Data segment:
· · · ·

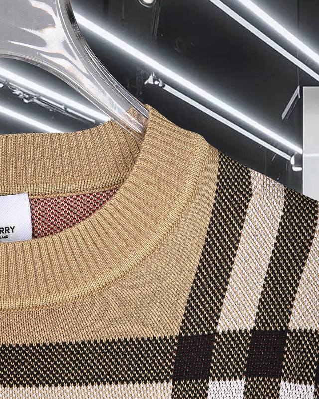 Burberry classic colorblock plaid pullover knit sweater, imported wool blend fabric
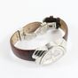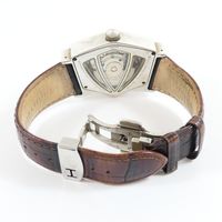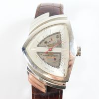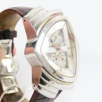 HAMILTON : modèle "Ventura", montre sur bracelet. Boitier triangulaire en acier. Cadran squelette à index appliqués (Certains décollés). Mouvement mécanique à remontage automatique. Fond squelette. Signé et numéroté. Bracelet en cuir à boucle déployanté en acier. Signée. Tour de poignet : 17 cm environ).
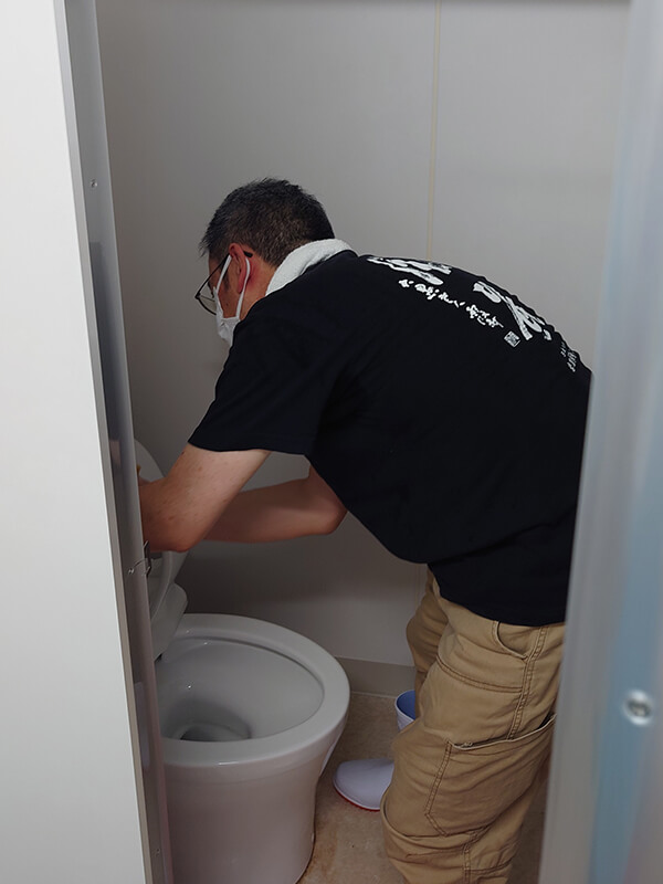 今回準備した新しいスペースショット洗剤は、中性洗剤よりも汚れ落ちがよく、掃除ができずに汚れていたビニール床が、タワシ等で磨いて拭き上げるだけで見事にきれいになり、その素晴らしい効果を確認できました。
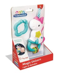 Magiczny jednorożec, który zabawia dziecko światłem i muzyką!Posiada lśniący przycisk w kształcie gwiazdki oraz kolorowe zawieszki, które wydają z siebie zabawne dźwięki.Posiada praktyczną obręcz, dzięki której grzechotkę można przymocować do kołyski lub wózka bądź też nosić przy sobie.

· · · ·

Problem to solve: Without the pictures, write out all of the material exactly.

Finished task:
 Burberry classic colorblock plaid pullover knit sweater, imported wool blend fabric
 HAMILTON : modèle "Ventura", montre sur bracelet. Boitier triangulaire en acier. Cadran squelette à index appliqués (Certains décollés). Mouvement mécanique à remontage automatique. Fond squelette. Signé et numéroté. Bracelet en cuir à boucle déployanté en acier. Signée. Tour de poignet : 17 cm environ).
 今回準備した新しいスペースショット洗剤は、中性洗剤よりも汚れ落ちがよく、掃除ができずに汚れていたビニール床が、タワシ等で磨いて拭き上げるだけで見事にきれいになり、その素晴らしい効果を確認できました。
 Magiczny jednorożec, który zabawia dziecko światłem i muzyką!Posiada lśniący przycisk w kształcie gwiazdki oraz kolorowe zawieszki, które wydają z siebie zabawne dźwięki.Posiada praktyczną obręcz, dzięki której grzechotkę można przymocować do kołyski lub wózka bądź też nosić przy sobie.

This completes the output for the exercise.